Do you say that this bug is blocked on libvirt as well(i saw Francesco uploaded patched here) ? then we need to change summary and wait for libvirt fix..I'm wondering if we need new bug for this specific issue? 
This bug and the new SR_IOV issue are not involving unplug/plug

Comment 13 Michael Burman 2018-03-15 10:24:56 UTC
Any how, even if the new libvirt fix this issue, it deserves a bug to track the issue. Reporting new bug for the SR-IOV flow.

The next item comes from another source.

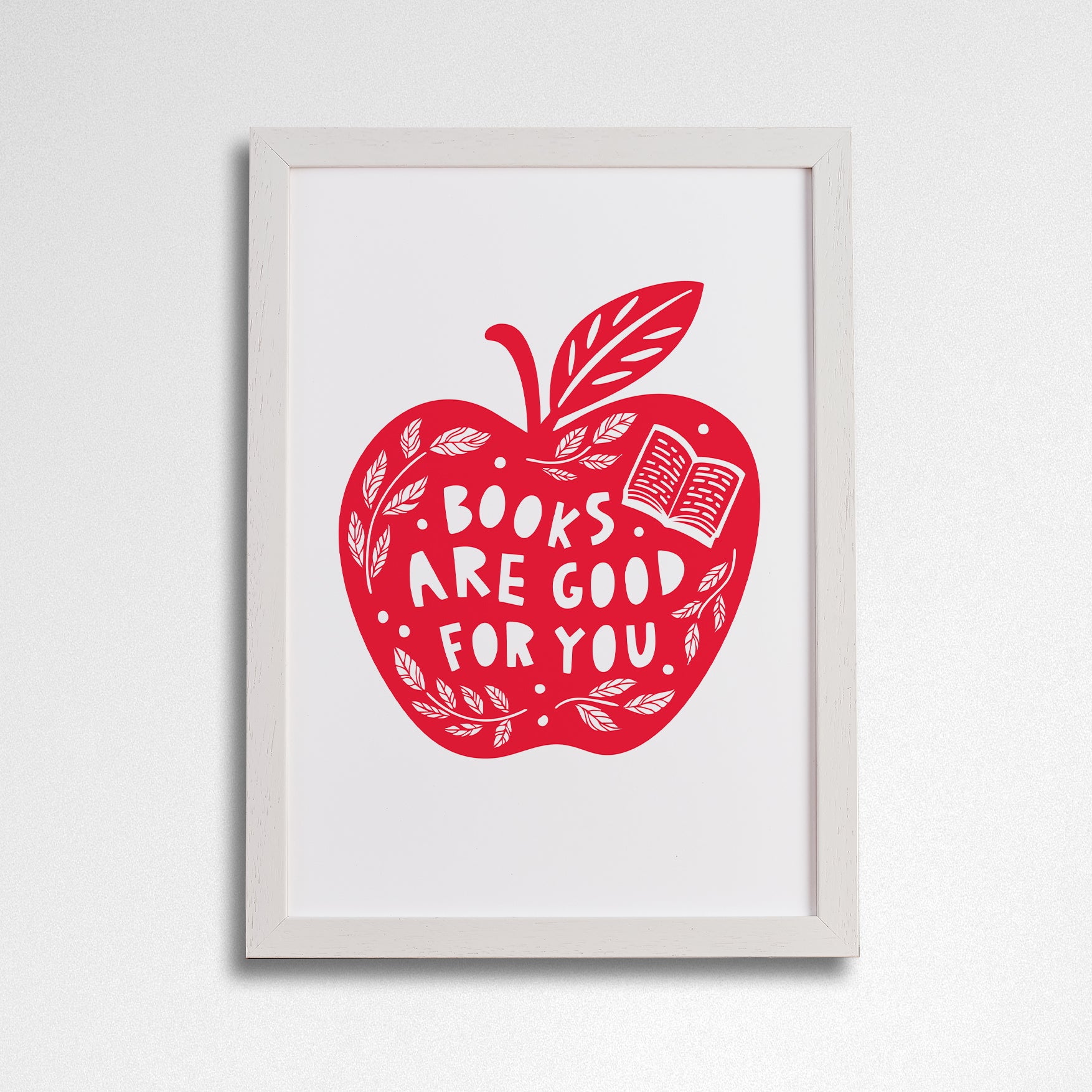 A4 print 'Books are good for you' in a red hand-illustrated apple design.

Comment 14 Michael Burman 2018-03-15 10:29:31 UTC
Arik, the issue reproduced with new libvrit libvirt-3.9.0-14.el7.x86_64

2018-03-15 12:27:16,562+0200 ERROR (vm/f9bd0e85) [virt.vm] (vmId='f9bd0e85-54e5-46ec-9ae7-5a61861120a9') The vm start process failed (vm:940)
Traceback (most recent call last):
  File "/usr/lib/python2.7/site-packages/vdsm/virt/vm.py", line 869, in _startUnderlyingVm
    self._run()
  File "/usr/lib/python2.7/site-packages/vdsm/virt/vm.py", line 2829, in _run
    dom = self._connection.defineXML(domxml)
  File "/usr/lib/python2.7/site-packages/vdsm/common/libvirtconnection.py", line 130, in wrapper
    ret = f(*args, **kwargs)
  File "/usr/lib/python2.7/site-packages/vdsm/common/function.py", line 92, in wrapper
    return func(inst, *args, **kwargs)
  File "/usr/lib64/python2.7/site-packages/libvirt.py", line 3676, in defineXML
    if ret is None:raise libvirtError('virDomainDefineXML() failed', conn=self)
libvirtError: XML error: non unique alias detected: ua-04c2decd-4e33-4023-84de-a2205c777af7
2018-03-15 12:27:16,566+0200 INFO  (vm/f9bd0e85) [virt.vm] (vmId='f9bd0e85-54e5-46ec-9ae7-5a61861120a9') Changed state to Down: XML error: non unique alias detected: ua-04c2decd-4e33-4023-84de-a2205c777af7 (code=1
) (vm:1677)

I have reported new bug BZ 1556828

Comment 15 Michael Burman 2018-03-18 10:00:53 UTC
Verified on - 4.2.2.4-0.1.el7 and vdsm-4.20.22-1.el7ev.x86_64
with
libvirt-client-3.9.0-14.el7.x86_64
libvirt-daemon-3.9.0-14.el7.x86_64

OVN and vfmex flows are fixed now

Comment 16 Francesco Romani 2018-03-21 08:55:19 UTC
no doc_text required

Comment 17 Sandro Bonazzola 2018-03-29 11:14:34 UTC
This bugzilla is included in oVirt 4.2.2 release, published on March 28th 2018.

Since the problem described in this bug report should be
resolved in oVirt 4.2.2 release, it has been closed with a resolution of CURRENT RELEASE.

If the solution does not work for you, please open a new bug report.